YOUR GOAL: Line by line, the data below should be set down unchanged, with images excluded.

THE DATA:
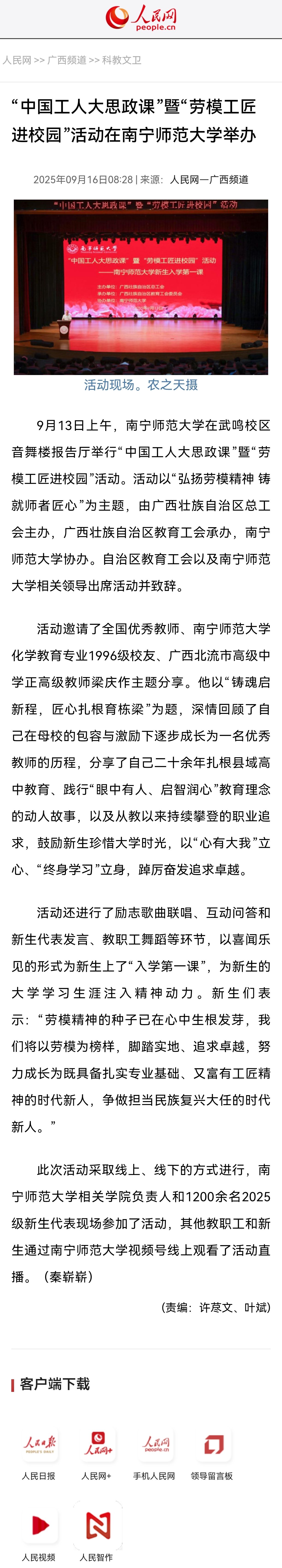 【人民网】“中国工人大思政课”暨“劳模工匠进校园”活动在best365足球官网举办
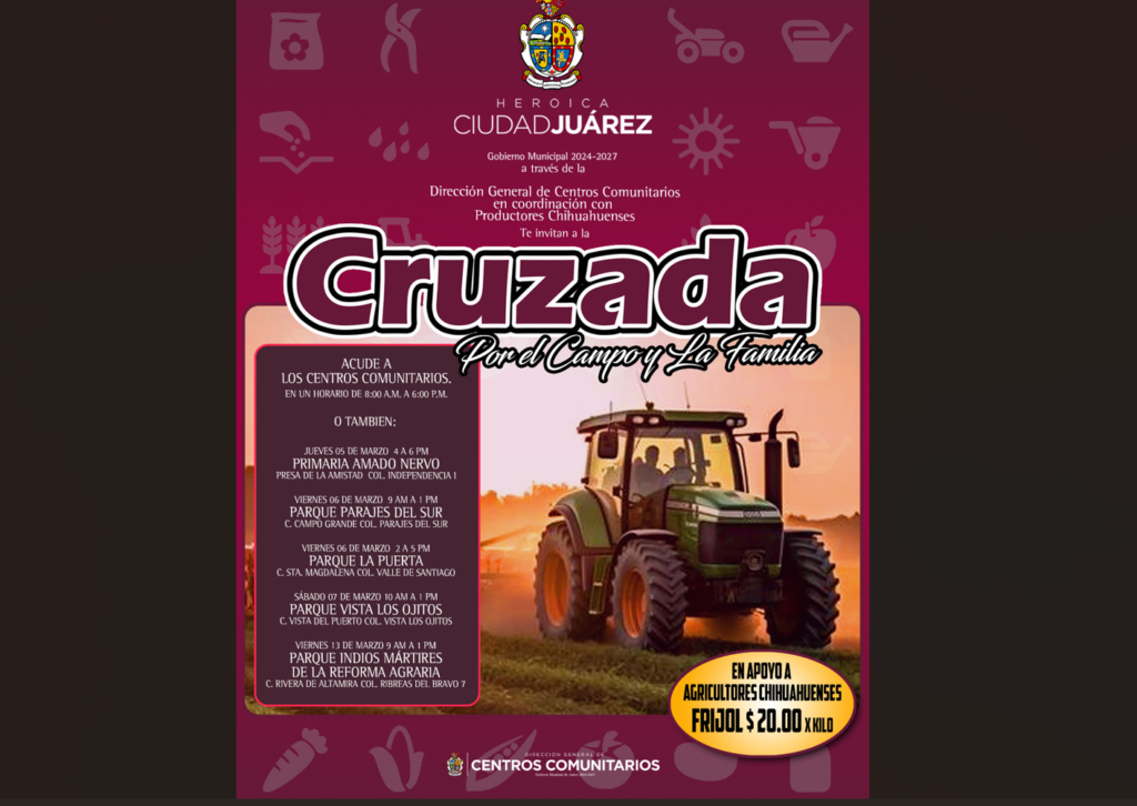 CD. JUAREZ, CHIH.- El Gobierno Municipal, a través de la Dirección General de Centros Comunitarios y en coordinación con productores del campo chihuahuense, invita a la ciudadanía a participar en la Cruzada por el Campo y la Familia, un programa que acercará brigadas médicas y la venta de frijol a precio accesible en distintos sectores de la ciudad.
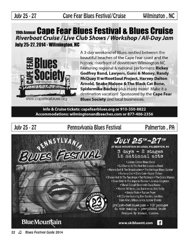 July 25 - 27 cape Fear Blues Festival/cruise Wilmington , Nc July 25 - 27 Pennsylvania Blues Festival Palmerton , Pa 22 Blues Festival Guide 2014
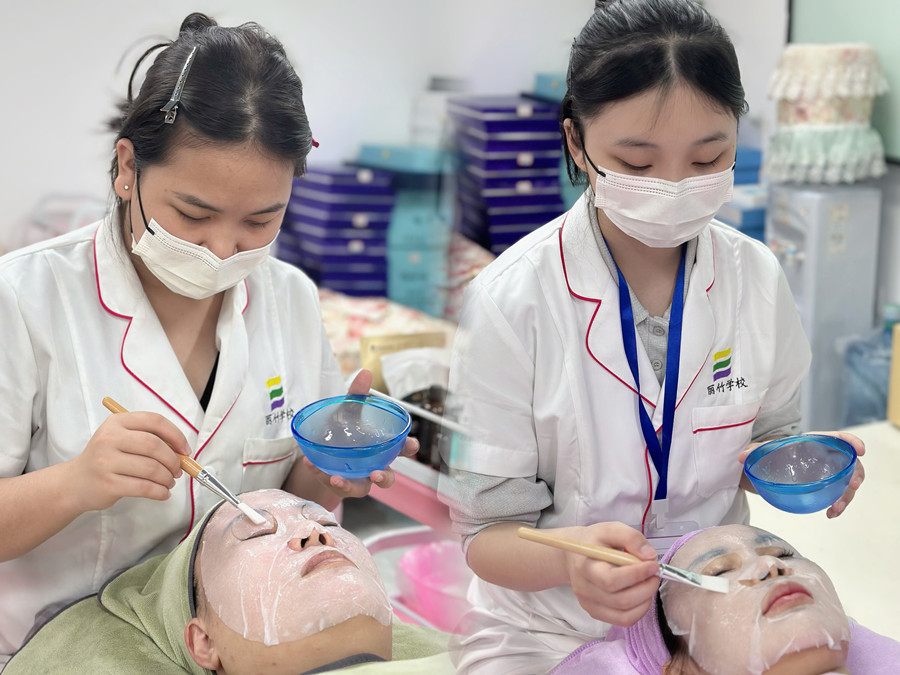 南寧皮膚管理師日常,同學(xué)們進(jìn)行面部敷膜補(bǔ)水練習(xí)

TASK OUTPUT:
 【人民网】“中国工人大思政课”暨“劳模工匠进校园”活动在best365足球官网举办
 CD. JUAREZ, CHIH.- El Gobierno Municipal, a través de la Dirección General de Centros Comunitarios y en coordinación con productores del campo chihuahuense, invita a la ciudadanía a participar en la Cruzada por el Campo y la Familia, un programa que acercará brigadas médicas y la venta de frijol a precio accesible en distintos sectores de la ciudad.
 July 25 - 27 cape Fear Blues Festival/cruise Wilmington , Nc July 25 - 27 Pennsylvania Blues Festival Palmerton , Pa 22 Blues Festival Guide 2014
 南寧皮膚管理師日常,同學(xué)們進(jìn)行面部敷膜補(bǔ)水練習(xí)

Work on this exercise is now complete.